Ese presunto realismo, mentado en la cita anterior, poco va a tener que ver con el realismo social imperante en la literatura española de medio siglo. Para buena parte de los autores de esa tendencia el realismo es el método empleado para llegar a una conclusión moral o política, por lo general aleccionadora. Otros, creo los más perdurables, alcanzan cierta objetividad narrativa por medio de procesos conductistas. El cine de Saura se asienta más bien en esa segunda opción: huye del didactismo y, aunque no elude la metáfora y el símbolo (la guerra civil es una constante temática que conformará su filmografía), prefiere que sea el espectador, a través de la exposición de una serie de hechos o acciones, quien llegue a sus propias conclusiones. Así ocurre ya en Los golfos, donde entra a fondo en el mundo suburbial madrileño, mostrándonos la cotidianidad de unos jóvenes para los que la vida es un callejón sin apenas salida. La única que se le ofrece a quien quiera salir del pozo es triunfar en el arriesgado oficio del toreo.
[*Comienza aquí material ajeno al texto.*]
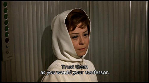 [Juliet] To have him followed, like a thief -- He stole your youth, your peace, your trust. He's the worst kind of thief. [Juliet] But someone spying on what's going on feels like a threesome. [Adele] Isn't it a threesome already? You must have faith. Trust them as you would your confessor. |

Este su primer largo supone, para algunos estudiosos, el nacimiento en 1959 de lo que se llamará Nuevo Cine Español; un movimiento que sacará las cámaras a los exteriores, que utilizará escenarios y actores naturales y con escasos medios económicos dibujará una imagen del país muy distinta a la del cine comercial imperante. Es Los golfos una crónica de lo cotidiano que nos lleva claramente al Jarama; encontramos incluso secuencias como la del refrigerio en el Manzanares, verdadero homenaje a la novela de Sánchez Ferlosio, recreando un ambiente marginal que evoca asimismo al admirado Baroja de La busca; si bien su línea narrativa se aleja de esos modelos y opta por la fragmentación. En principio dicha apuesta viene dada por las enormes dificultades planteadas en el rodaje pero de inmediato se convierte en una opción poética que narrativamente la acerca más a Tiempo de silencio que a la novela puramente conductista. Lo que aleja Los golfos del Neorrealismo, con la utilización de lo que Saura llama «secuencias abiertas», independientes entre sí, que propician la participación de un espectador que no es objeto del sentimentalismo ni de la demagogia. Su primera película es pues, como lo será buena parte de su dilatada obra, un documento abierto.

La caza (1965), en definición de su propio realizador, es el «documental de una situación límite». Tres hombres de mediana edad que vivieron la guerra y un joven emprenden una jornada cinegética en el desolado campo castellano. La fábula del cazador cazado pero también la trágica parábola de un país que aún no ha cerrado sus heridas y que volverá a revivir, valga la paradoja, la matanza fratricida. Unidad espacial y temporal con una tensión dramática in crescendo en los pequeños detalles y diferencias que entre los personajes se irán acumulando hasta el estallido final. El único que acaba con vida es quien, por su juventud, no vivió la contienda civil. Los actores son ahora profesionales, alguno, como Alfredo Mayo, icono del cine franquista; su tratamiento, a la par que simbólico, puramente entomológico. El telurismo de la propuesta, la fisicidad objetual, son casi palpables: «las armas, los poros de la piel, los insectos», recuerda Saura en su conversación con Enrique Brasó (Carlos Saura, Madrid, 1974, 126). Todo ello en una suerte de hiperrealismo que crea una atmósfera casi de ciencia ficción trazando una línea narrativa rota en la tremenda secuencia de la siesta: bajo un sol implacable los sobresaltos de los espasmos que sacuden el sueño preanuncian la inminente carnicería.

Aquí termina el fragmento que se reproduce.